Commenting on the report Peter Livingstone, Contracts Director at Redline Group said:

“COVID-19 has brought havoc across the global economy but with the UK government taking measures to protect workers and help businesses survive the shutdown, it’s vital for employers to adapt quickly to the new circumstances, avoid making an instant decisions. The REC data highlights that high tech and engineering professionals are still at short supply in the UK and globally meaning companies need to keep investing in research and development and ensure that recruitment plans are reviewed constantly as the world shifts increasingly digitally. 
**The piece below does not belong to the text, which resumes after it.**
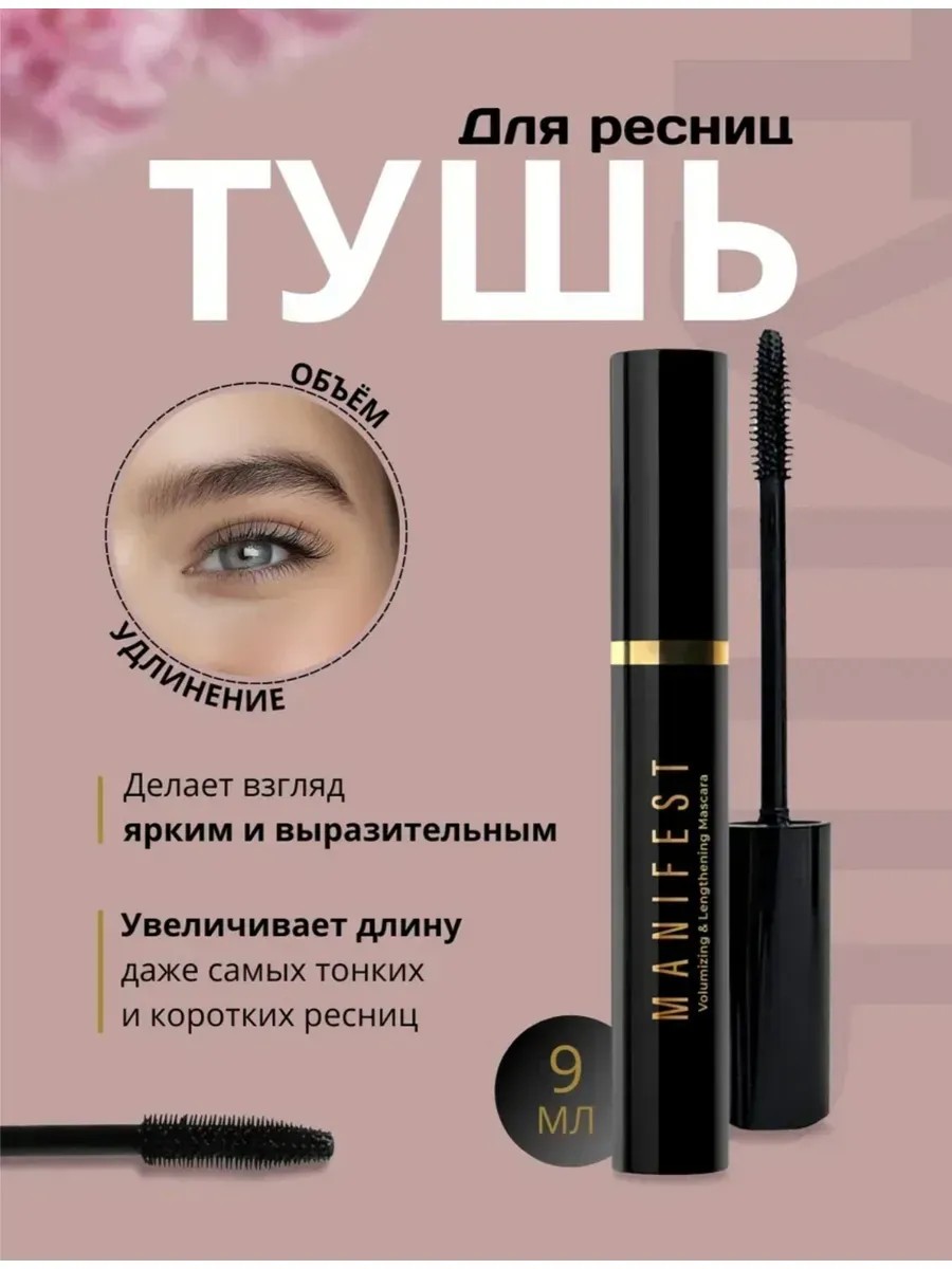 черная суперобъем, эффект накладных ресниц черная тушь для ресниц Manifest – не просто декоративная косметика, а воплощение искусства в мире макияжа. Благодаря качественным компонентам, она придает ресницам удивительные объем и удлинение, одновременно ухаживая за ними и питая. В составе гипоаллергенной туши содержится пантенол, который укрепляет ресницы и придает им блеск. Она безопасна для чувствительных глаз! XXL тушь для ресниц удлиняющая дарит великолепный объем, силиконовая щетка подкручивает и разделяет каждую ресничку, создавая эффект накладных ресниц без лишних усилий. Косметика для всех станет незаменимым помощником в создании прекрасного макияжа и заботе о ресницах. Женская косметика для тех, кто стремится выглядеть идеально в любой ситуации. Она порадует стойкостью! Не упускайте возможность придать вашим ресницам ещё больше непревзойденной красоты! Попробуйте тушь для ресниц объемную, дайте возможность взгляду ослепительно сиять. А перед началом прокрашивания можете нанести базу под тушь. Способ применения: равномерно нанесите тушь на ресницы по направлению от основания до кончиков.

“As companies radically rethink how they will operate in light of restrictions, the need for software skills is also likely to extend well beyond the tech sector. With businesses previously struggling to identify the volume of high tech candidates prior to COVID-19 and whilst anxiety does exist, 2020 will bring increased opportunities with technology developing on all fronts, employers are likely to see very little respite with many more technical solutions on the horizon such as:

  • Self-driving shuttles and driverless transport
  • Cell phones tracking future cases of COVID-19
  • Accelerated virus diagnostics via artificial intelligence
  • 3D printing to make ventilator parts and face shields
  • Smart city tools and IOT to assist first responders
  • Robots assisting factory workers
  • Infrared AI camera to detect potential coronavirus carriers

These and many other solutions mean that the engineering and high technology community will continue to dominate the new vacancy market for the foreseeable future.”